> Input data:
════════════════════

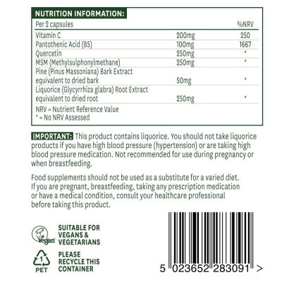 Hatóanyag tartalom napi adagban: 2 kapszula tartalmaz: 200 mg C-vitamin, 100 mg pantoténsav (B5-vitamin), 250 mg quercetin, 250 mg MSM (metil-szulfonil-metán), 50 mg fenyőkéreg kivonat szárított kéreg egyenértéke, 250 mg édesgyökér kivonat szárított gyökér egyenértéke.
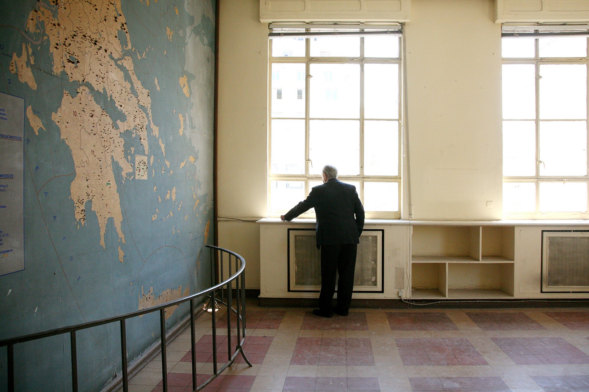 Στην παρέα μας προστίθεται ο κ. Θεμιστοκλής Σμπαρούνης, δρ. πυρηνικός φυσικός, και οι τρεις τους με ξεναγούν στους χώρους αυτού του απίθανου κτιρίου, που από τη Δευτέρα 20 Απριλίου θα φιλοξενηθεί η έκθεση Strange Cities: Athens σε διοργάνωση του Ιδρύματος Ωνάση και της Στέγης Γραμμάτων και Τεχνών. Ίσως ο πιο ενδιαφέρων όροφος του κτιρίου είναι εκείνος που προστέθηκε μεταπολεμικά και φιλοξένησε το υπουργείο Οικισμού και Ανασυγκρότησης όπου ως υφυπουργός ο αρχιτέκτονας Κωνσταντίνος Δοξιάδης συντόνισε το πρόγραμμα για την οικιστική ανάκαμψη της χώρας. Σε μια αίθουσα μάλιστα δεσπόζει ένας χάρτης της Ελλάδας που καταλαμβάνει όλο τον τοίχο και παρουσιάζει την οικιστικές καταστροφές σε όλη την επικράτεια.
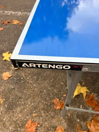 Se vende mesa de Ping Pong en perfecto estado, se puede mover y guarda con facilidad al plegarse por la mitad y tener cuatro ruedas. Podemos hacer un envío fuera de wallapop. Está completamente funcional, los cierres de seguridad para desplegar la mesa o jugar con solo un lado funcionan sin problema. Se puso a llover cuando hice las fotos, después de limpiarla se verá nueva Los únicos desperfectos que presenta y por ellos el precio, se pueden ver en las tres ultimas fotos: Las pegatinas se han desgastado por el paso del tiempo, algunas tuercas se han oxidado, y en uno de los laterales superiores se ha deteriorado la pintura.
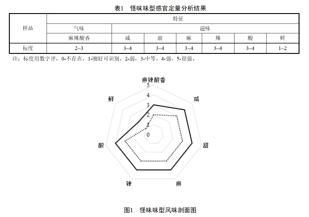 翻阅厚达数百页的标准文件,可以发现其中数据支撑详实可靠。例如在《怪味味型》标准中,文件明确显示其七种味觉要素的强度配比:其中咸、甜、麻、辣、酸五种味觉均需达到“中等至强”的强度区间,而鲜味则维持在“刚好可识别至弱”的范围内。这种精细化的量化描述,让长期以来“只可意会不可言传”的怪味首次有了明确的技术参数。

════════════════════

> Work order:
Copy all the material word for word, minus its pictures.

> Answer area:
 Hatóanyag tartalom napi adagban: 2 kapszula tartalmaz: 200 mg C-vitamin, 100 mg pantoténsav (B5-vitamin), 250 mg quercetin, 250 mg MSM (metil-szulfonil-metán), 50 mg fenyőkéreg kivonat szárított kéreg egyenértéke, 250 mg édesgyökér kivonat szárított gyökér egyenértéke.
 Στην παρέα μας προστίθεται ο κ. Θεμιστοκλής Σμπαρούνης, δρ. πυρηνικός φυσικός, και οι τρεις τους με ξεναγούν στους χώρους αυτού του απίθανου κτιρίου, που από τη Δευτέρα 20 Απριλίου θα φιλοξενηθεί η έκθεση Strange Cities: Athens σε διοργάνωση του Ιδρύματος Ωνάση και της Στέγης Γραμμάτων και Τεχνών. Ίσως ο πιο ενδιαφέρων όροφος του κτιρίου είναι εκείνος που προστέθηκε μεταπολεμικά και φιλοξένησε το υπουργείο Οικισμού και Ανασυγκρότησης όπου ως υφυπουργός ο αρχιτέκτονας Κωνσταντίνος Δοξιάδης συντόνισε το πρόγραμμα για την οικιστική ανάκαμψη της χώρας. Σε μια αίθουσα μάλιστα δεσπόζει ένας χάρτης της Ελλάδας που καταλαμβάνει όλο τον τοίχο και παρουσιάζει την οικιστικές καταστροφές σε όλη την επικράτεια.
 Se vende mesa de Ping Pong en perfecto estado, se puede mover y guarda con facilidad al plegarse por la mitad y tener cuatro ruedas. Podemos hacer un envío fuera de wallapop. Está completamente funcional, los cierres de seguridad para desplegar la mesa o jugar con solo un lado funcionan sin problema. Se puso a llover cuando hice las fotos, después de limpiarla se verá nueva Los únicos desperfectos que presenta y por ellos el precio, se pueden ver en las tres ultimas fotos: Las pegatinas se han desgastado por el paso del tiempo, algunas tuercas se han oxidado, y en uno de los laterales superiores se ha deteriorado la pintura.
 翻阅厚达数百页的标准文件,可以发现其中数据支撑详实可靠。例如在《怪味味型》标准中,文件明确显示其七种味觉要素的强度配比:其中咸、甜、麻、辣、酸五种味觉均需达到“中等至强”的强度区间,而鲜味则维持在“刚好可识别至弱”的范围内。这种精细化的量化描述,让长期以来“只可意会不可言传”的怪味首次有了明确的技术参数。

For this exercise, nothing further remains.